# Update on George



## curt3007 (May 28, 2011)

Photos taken today


----------



## sharplesfamily (Apr 28, 2011)

Oh my goodness Jayne he's gorgeous! I love the first photo - that could be on a calendar!!!

Harri x


----------



## daffodil (Jan 24, 2012)

Gorgeous George! What a beautie.


----------



## Jukee Doodles (Apr 5, 2011)

Jayne - George is a stunner X

I'd certainly enter him into that Mikki Competition - Pic 3 is my favourite !

Stephen X


----------



## wilfiboy (Sep 18, 2010)

Jayne did nt think it was possible but Gorgeous George gets all the more gorgeous the older he gets xxx


----------



## Janev1000 (Oct 4, 2011)

Fantastic pics! Love the 4th one!


----------



## MillieDog (Jun 1, 2011)

Fabulous Jayne, so lovely to see Gorgeous George looking all lovely and grown up.
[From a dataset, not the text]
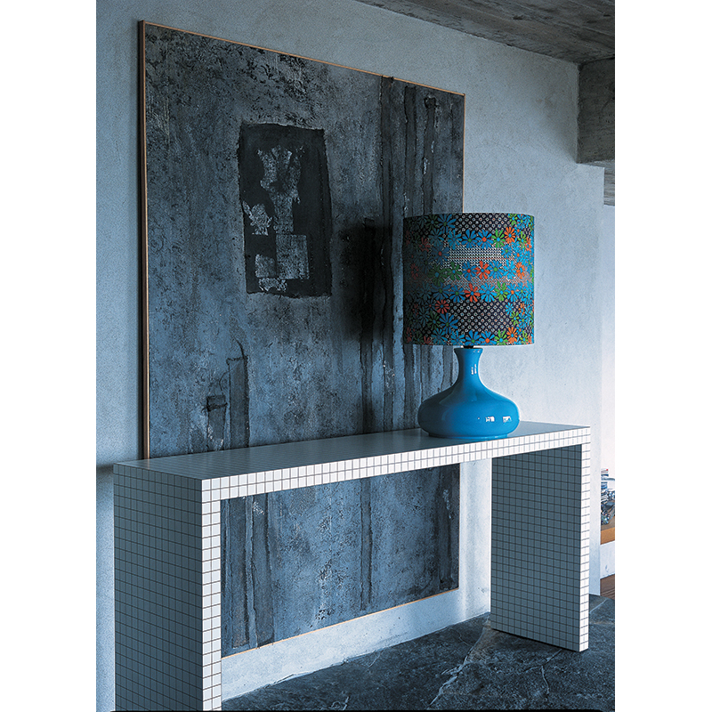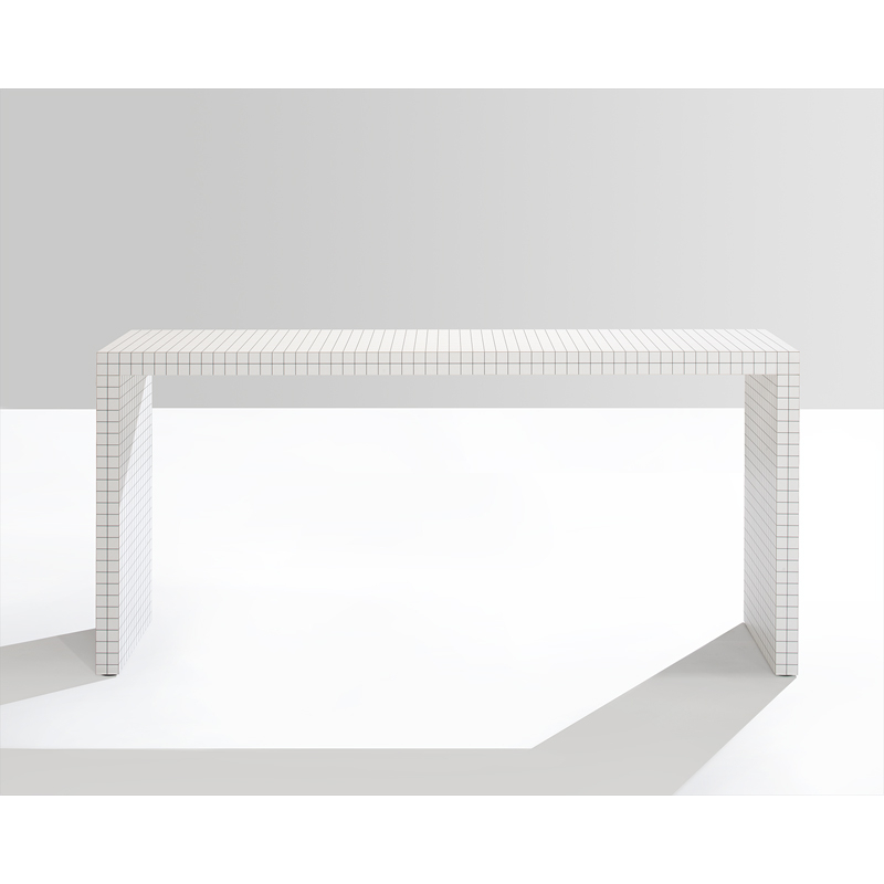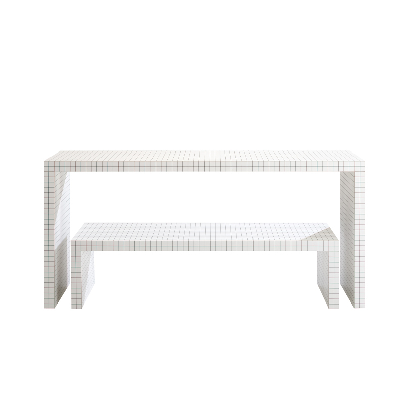 The products in the Quaderna collection are the result of a highly industrialised process and at the same time great craftsmanship. The tile laminate has been specially created based on Superstudio's design and features a 3 cm grid, produced using digital printing. This laminate is then applied by hand, requiring great precision and several hours of work for each piece. The convergence of the lines in the pattern creates a homogeneous surface, giving the furniture a strong personality.

You must enter him in the Mikki comp, I'm soooo hoping to see a cockapoo as the winner


----------



## NellyBean (Nov 23, 2011)

He is so gorgeous!! Lovely pictures xx I'm with everyone else regarding the cometition, love the third picture best! xx


----------



## Lins61 (Mar 4, 2012)

Well they are all lovely photos but No 1 is my favourite.. he is a beautiful boy xx


----------



## Ali79 (Mar 30, 2011)

Gorgeous George still as gorgeous - lovely photos  x


----------



## Kodysmom (Feb 11, 2012)

He truly is a gorgeous boy!


----------



## curt3007 (May 28, 2011)

Thanks everyone


----------



## DB1 (Jan 20, 2012)

Absolutely stunning, what i'm dreaming my pup could end up looking like.


----------



## Sam1 (Mar 6, 2012)

He's lovely! I bet you are so proud of him! His colouring is lovely, I take it that's him in the pita patter pic too, he seems to have changed colour completely or is it my eyes!


----------



## Sezra (May 20, 2011)

Very gorgeous! I love no. 3, he has a great cut.


----------



## Bertie Brown (Aug 12, 2011)

Lovely photos of George he's one handsom boy!

Clare and Bertie


----------



## Anna (Dec 6, 2011)

What lovely pictures, he is gorgeous 


Sent from my iPhone using Tapatalk


----------



## mairi1 (Mar 12, 2012)

Oh he is a real stunner... Def model potential


----------



## curt3007 (May 28, 2011)

Thankyou everyone, Yep that is him on my pitapata at about 5 days old. You can just see the apricot colouring. He has also be accepted as a model on pedigree chum puppy website that is launching shortly


----------